Женское лицо как книга. На лице юной девушки можно прочесть её глупые мечты. Лицо молодой женщины испещрено мыслями, которые кривят ей губы, приподнимают кончик носа или ложатся тенью под глазами. А у зрелой женщины на лице проступает биография, так что её приходится прятать под толстым слоем пудры и яркой, как кровь, помадой. Не попадая в рукава плаща, Пичугин разглядывал жену Лютого, считая морщины на лбу, зарубками отмечавшие её любовников, и читал в холодных, раньше времени состарившихся глазах, что брак без любви словно пресная каша, а постель с чужим мужем — щепотка соли, вот только каждую приходиться есть по отдельности.
Спускаясь по лестнице, Пичугин рассеяно разглядывал испещрённые признаниями стены и крутил в голове три убийства, представляя, что все они — рук Лютого. Следователь скривился в усмешке, настолько нелепым это казалось. «Правда — это то, во что веришь», — буркнул Пичугин под нос. «А веришь в то, во что хочется», — соглашаясь, закивал он самому себе.
Выйдя из подъезда, он задрал голову и увидел, как дочь и мать отпрянули от окна. Старуха на лавке была похожа на ворону, седые волосы выбивались из-под чёрного платка, а нос был длинный, словно птичий клюв.
— Кто бы мог подумать. — кивнув на окна Лютого, начал следователь издалека.
— Не верь людям — люди злы, вот и болтают! — старуха проткнула Пичугина пальцем. — А он был безобидный, как мышь, всё о здоровье спрашивал, — она покачала головой. — А теперь и поговорить не с кем.

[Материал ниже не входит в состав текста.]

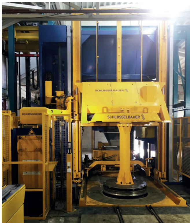
Die neue Produktionsanlage Typ Magic bei Zábojník s.r.o. in Veselí nad Moravou

Die Produktionsmengen von drei alten Rüttelpressmaschinen auf einer neuen, hochautomatisierten Anlage zu vereinen und gleichzeitig zusätzliche Fertigungskapazität und damit Wachstumsmöglichkeiten zu schaffen - so lautete die ursprüngliche Zielsetzung von Herrn Jaroslav Zábojník, dem Eigentümer von Zábojník s.r.o., beheimatet im tschechischen Veselí nad Moravou. Im Zuge der Präzisierung jener Produkte, die letztlich auf einer neuen Anlage produziert werden sollten, wurde rasch klar, dass die Mengenvorgaben nur ein Aspekt eines zukunftsorientierten Fertigungskonzeptes sein würden. Wesentlich für eine erfolversprechende Ausstattung waren darüber hinaus vor allem die Erfüllung gesteigerter Qualitätsanforderungen an die Fertigteile und die Prozess-Optimierung über das Maß des bis dahin Bekannten hinaus. Zur Erreichung der bestmöglichen Produktqualität sollten bei Zábojník s.r.o. die frisch entschalten Produkte auf einer Rahmenmuffe in den

Слушая вполуха её болтовню, Пичугин вспоминал Коротышку, который, как и Лютый, будто сквозь землю провалился после смерти Могилы. В прежней банде Коротышка, у которого тогда ещё были и ноги, и имя, слыл за бесшабашного, смелого парня, который не боялся ни Бога, ни чёрта, ни прокурора, а после взрыва в ресторане превратился в шута. Ненависть свернулась на сердце, словно кошка, проступая складками вокруг рта, и Могила слышал, как калека клацает во сне зубами, мечтая поквитаться, но бандит любил пощекотать себе нервы и потому держал его при себе, словно бомбу с испорченным часовым механизмом. Но со временем Коротышка свыкся со своей участью, а главарь банды так привык к нему, что, и правда, стал верить, будто безногий приносит ему удачу. А теперь он исчез, словно Могила утащил его с собой, не желая расставаться с талисманом. Если бы Пичугин узнал о том, как Саам похоронил Коротышку заживо, то удивился бы своей прозорливости.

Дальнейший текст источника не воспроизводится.